Organizations rightly focus on ROI. They’re in business to grow revenue, be profitable and maximize efficiency at scale. They invest in service to those goals. More progressive companies, dare I say more human companies, have expanded that traditional purpose and understand that a company must balance the needs of and commitments to all its stakeholders—customers, employees, suppliers, and local communities—and not just its shareholders.
AA meetings are not about ROI, not in the traditional sense anyway. Their purpose is for members to “share their experience, strength and hope” so that they and others may recover from alcoholism and addiction. I like to think of it as “Return on Individuality.” My story is not your story, but in it you may find something to draw encouragement from, something that says you can do it too.

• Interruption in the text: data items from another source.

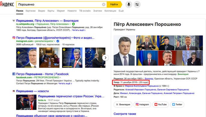 Поисковый сервис «Яндекс» при запросе «Петр Порошенко» внезапно для всех показал краткую справку о президенте Украины, в которой указана дата его смерти. В ней сообщается, что Порошенко умер 11 декабря 2018 года.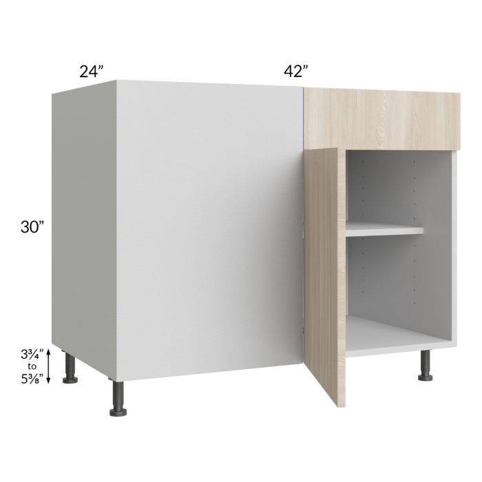 1 door blind base corner cabinet with 1 drawer and (1) 18" deep shelf. The drawer front height is 6-3/4". The actual width is 42", but the cabinet must be pulled at least 6" from the corner, taking up 48" of wall space. It can be pulled a max of 9", taking up 51" of wall space. The door width is 20-7/8" and the blind opening width is 20-11/32". A filler must be used between the blind and the adjacent cabinet so the doors and drawers are able to open without interference. The filler must be purchased separately. Black, adjustable, plastic furniture feet will also be included which will add 3-3/4" to 5-3/8" to the 30" height.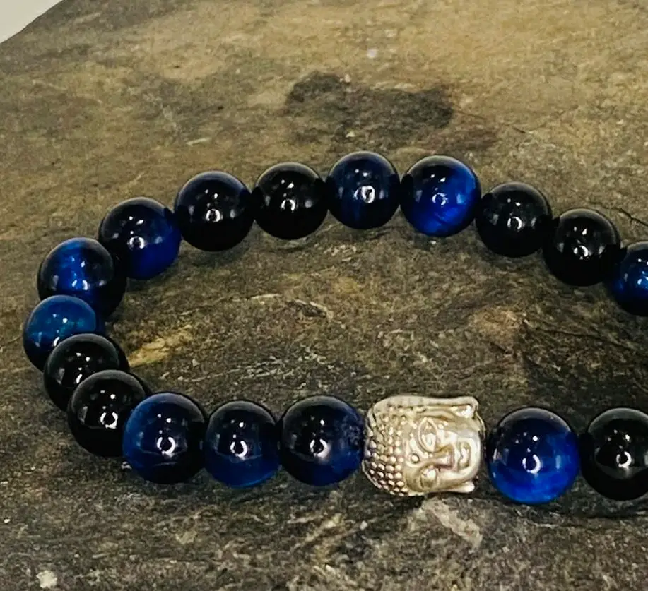 • JaXX armband Tijgeroog 8mm multicolor blauw met Sterling zilveren tussenstukjes en eindbead JaXX armband Tijgeroog 8mm multicolor blauw met Sterling zilveren tussenstukjes en eindbead €149,00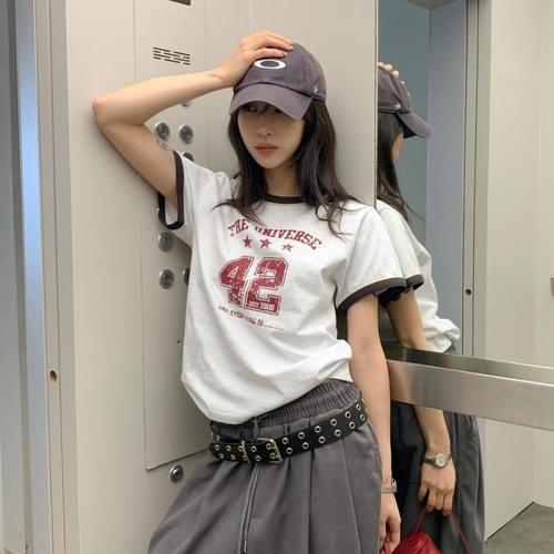 [셀럽하우스]여성티셔츠 UNJI6741 뉴트로 오퍼핏 스타일 반팔 티셔츠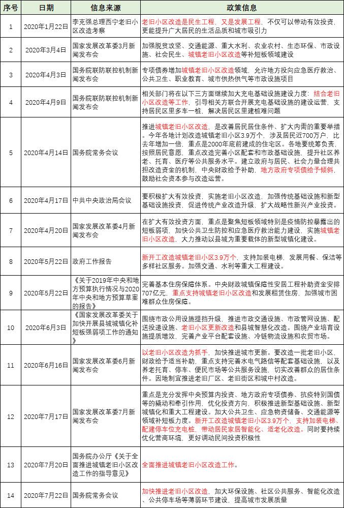 党中央、国务院、发改委、财政部等高度重视城镇老旧小区改造工作总体推进情况,2020年至今多次印发文件、召开会议推进老旧小区改造,并支持发行专项债券用于老旧小区改造。根据当前相关政策会议,不难看出老旧小区改造将是今年乃至十四五时期政府投融资的热点领域。二、老旧小区改造-2020年及十四五时期重点工作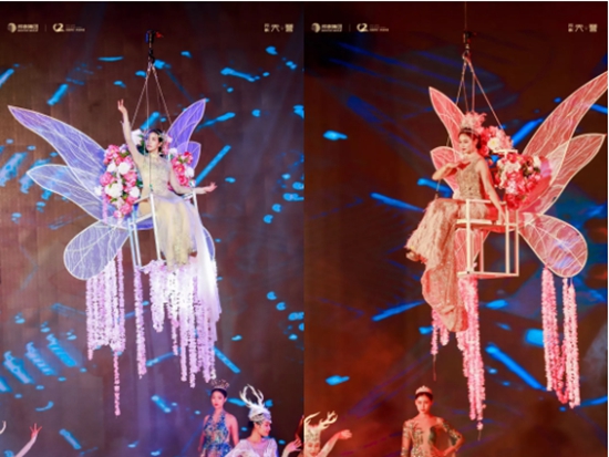 300㎡巨幅畫卷,花飛蝶舞,鳳凰于飛,再現(xiàn)敦煌飛天壯闊。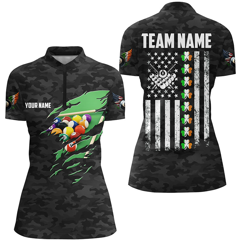 Billiard St Patrick Day Vintage US Flag Women Quarter-Zip Shirts, Patriotic Billiard Jerseys TDM1000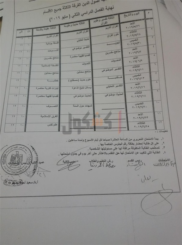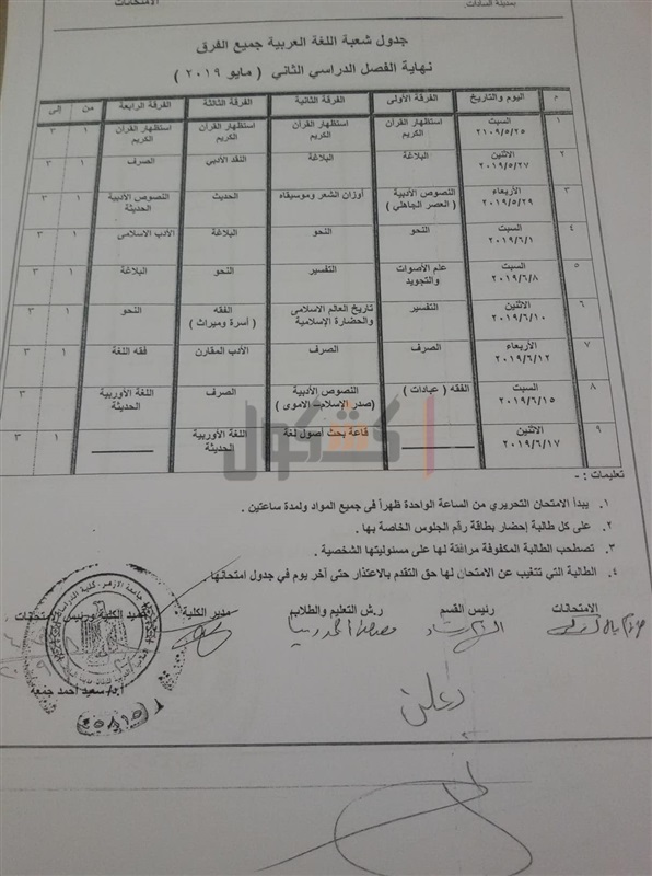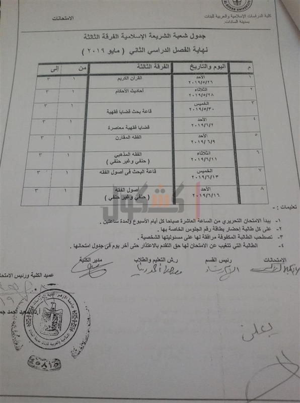 حصل "كشكول" على جداول امتحانات الفصل الدراسي الثاني، لكلية الدراسات الإسلامية والعربية للبنات بجامعة الأزهر بالسادات.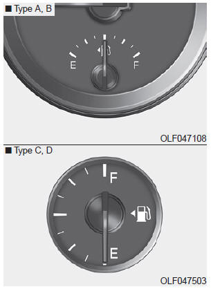 Закончившееся топливо может подвергнуть опасности пассажиров автомобиля. Вы должны остановиться и получите дополнительное топливо как можно скорее после того, как загорится сигнальная лампа или когда индикатор манометра приближается к отметке «E (Пустой)».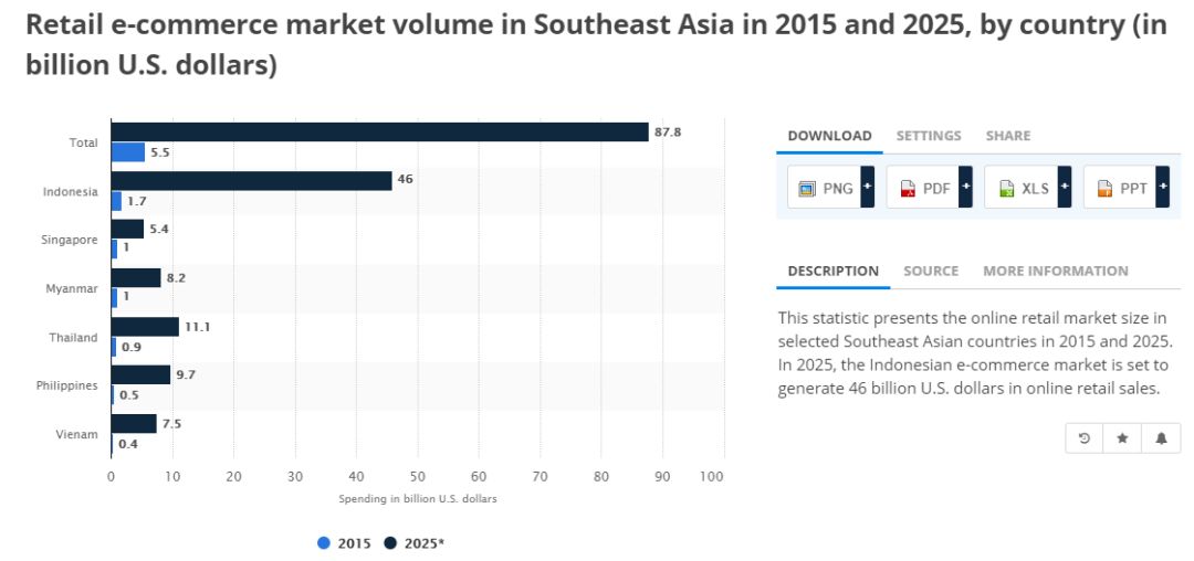 Statista数据显示,到2025年,东南亚地区主要国家(印度尼西亚、泰国、新加坡、马来西亚、越南、菲律宾)的电子商务在线零售市场规模总计将达到878亿美元。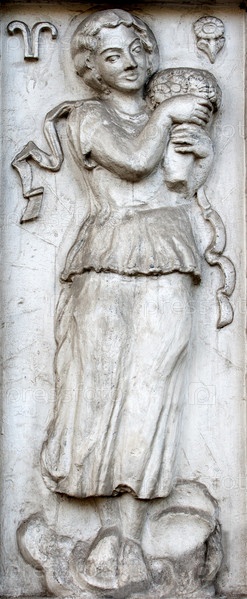 Старый барельеф с женщиной, держащей букет цветов, на стене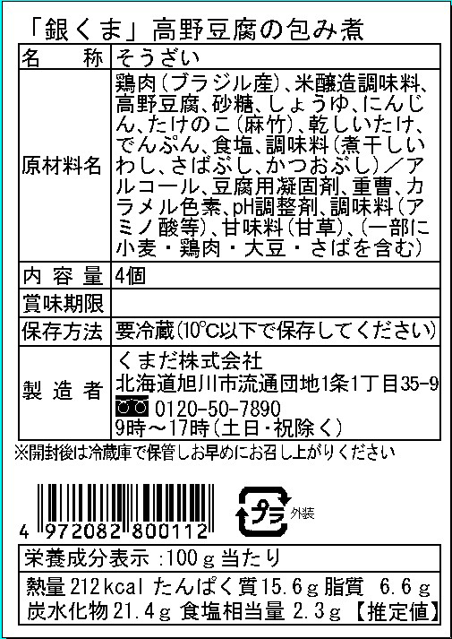 高野豆腐に鶏肉・椎茸・筍を詰めこみました。具材のうま味がしみ込んだ一品です。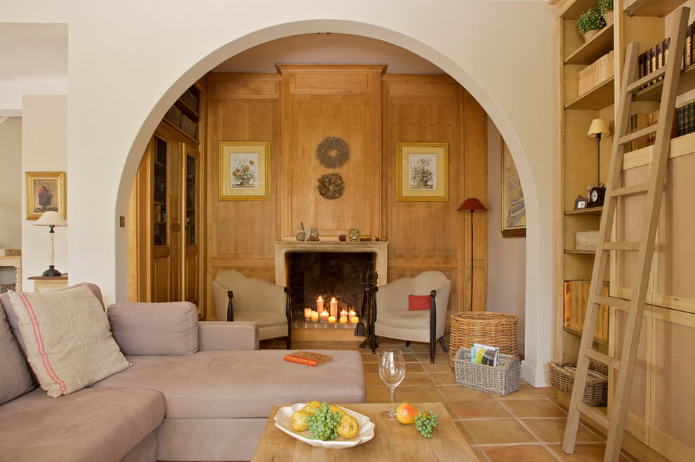 For Provence, rectangular structures made of stone, wood, MDF, fiberboard or other materials of natural origin will be appropriate. Also, arches are often decorated with floral ornaments or artificial aging is used.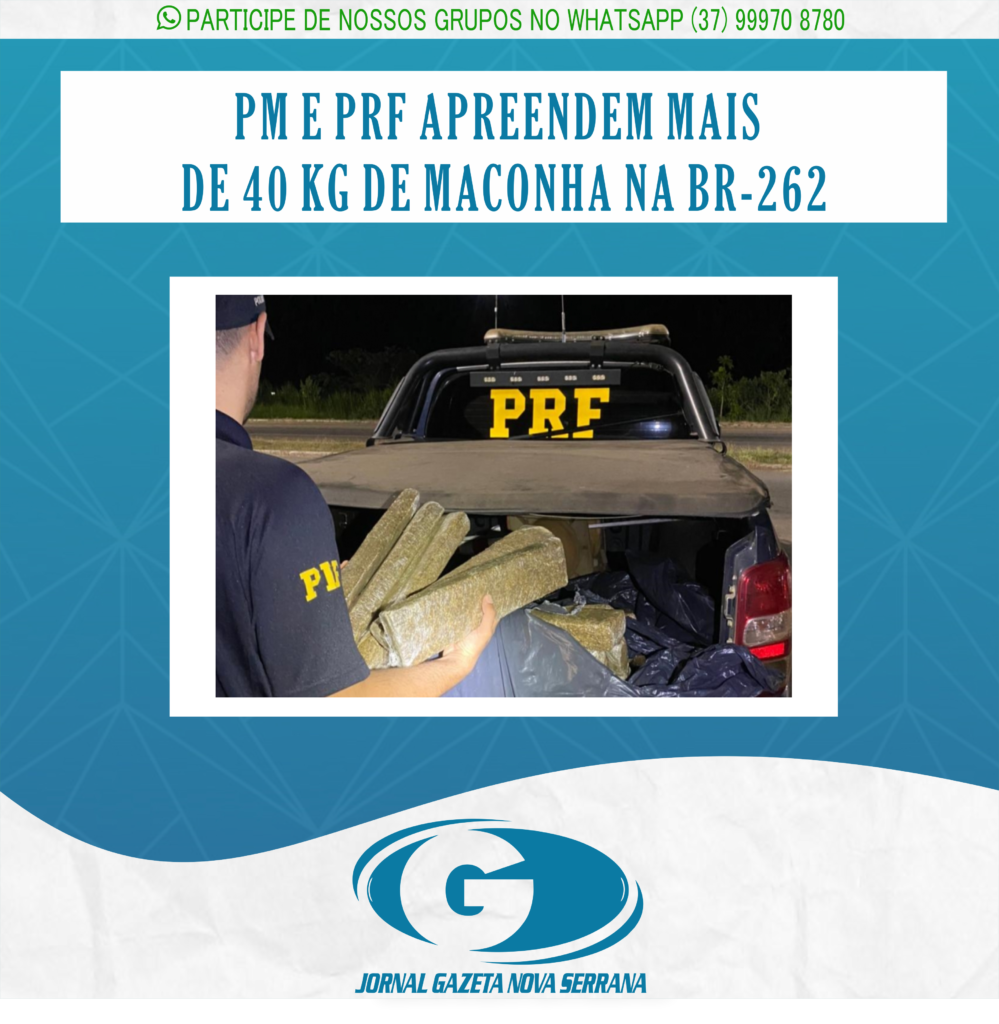 Mais de 40 kg de maconha foram apreendidos na noite de sexta-feira (08) em uma ação da Polícia Militar (PM) e a Polícia Rodoviária Federal (PRF) na BR-262, em Bom Despacho.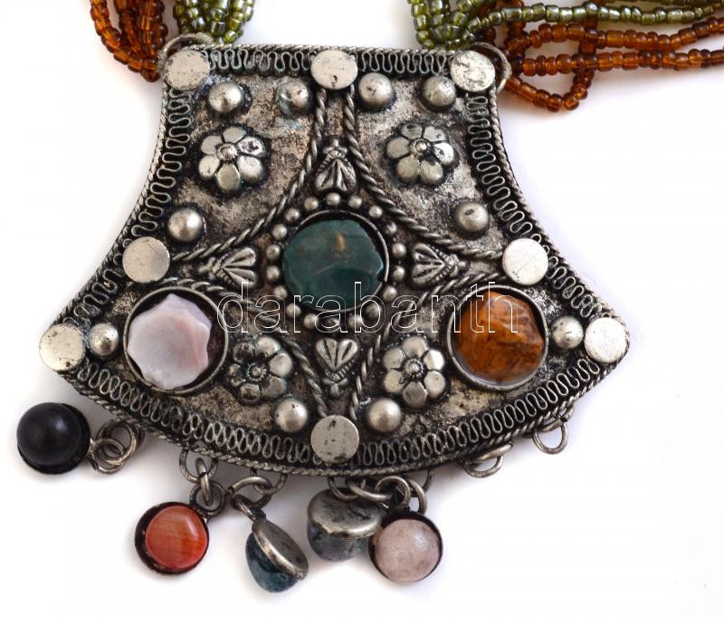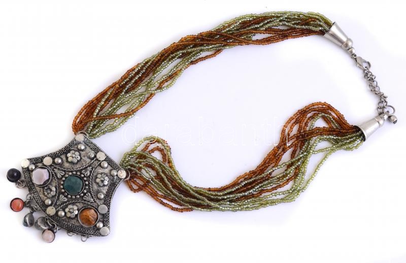 Fűzött gyöngy nyaklánc ásványokkal díszített medálrésszel, h: 44 cm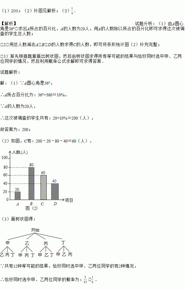 (3)在平时的小小外交家的课堂学习中,甲、乙、丙、丁四人表现优秀,现决定从这四名同学中任选两名参加全国英语口语大赛,求恰好同时选中甲、乙两位同学的概率(用树状图或列表法解答).
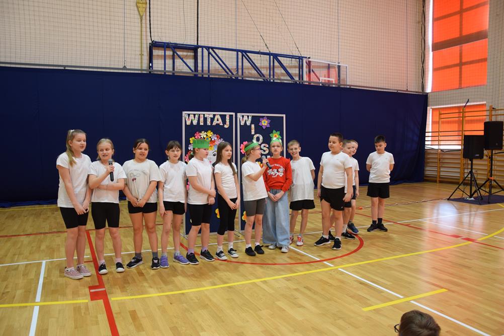 W dniu 20 marca w naszej szkole odbyło się uroczyste pożegnanie zimy i powitanie nowej pory roku czyli wiosny. Zgromadzonych na hali sportowej uczniów powitała p. Dyrektor Lidia Malinowska. Życzyła wszystkim udanego dnia, wspaniałej zabawy i wielu wspaniałych wrażeń. Przypomniała też o zasadzie fair play podczas aktywności sportowych i o tym, że nade wszystko liczy się dobra zabawa.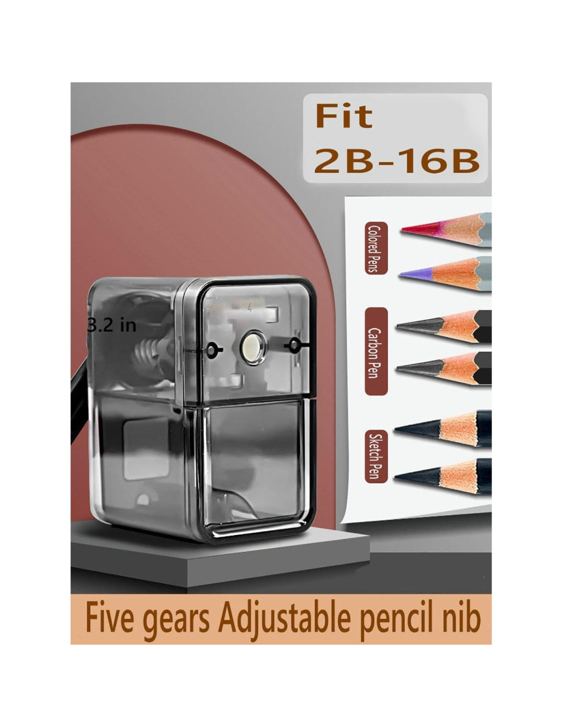 - Sacapuntas ajustable: Punta de lápiz ajustable de cinco engranajes, la versión mejorada del sacapuntas está equipada con un botón en la palanca, que puede eliminar la mina de lápiz rota a tiempo y prevenir el atasco causado por la mina rota. El sacapuntas automático solo requiere que insertes el lápiz, sostengas el sacapuntas y gires la manivela; completará automáticamente el afilado.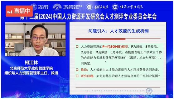 北京师范大学政府管理学院组织与人力资源管理系主任柯江林作题为《如何为基层治理人才营造良好的干事创业氛围:基于fsQCA方法的经验研究》的主题报告。

If we are to make workplaces truly human, then we must acknowledge that every human brings a story with them, a story unlike any other in the world. Companies must make their offices and cultures a gathering place for those stories, for diversity, not just of genders, races, religions, and sexual identities, but of all forms of difference. They must seek a return on individuality, not just a return on investment.
For the attendees of the Friends of Bill meeting at the last two Workhuman Live conferences, having the meeting was a place to ground themselves in sobriety in what can be a challenging environment. They were grateful that Workhuman had the vision and sensitivity to hold such a meeting. It made their attendance more relaxed, more rooted, and more rewarding. It made their experience more human.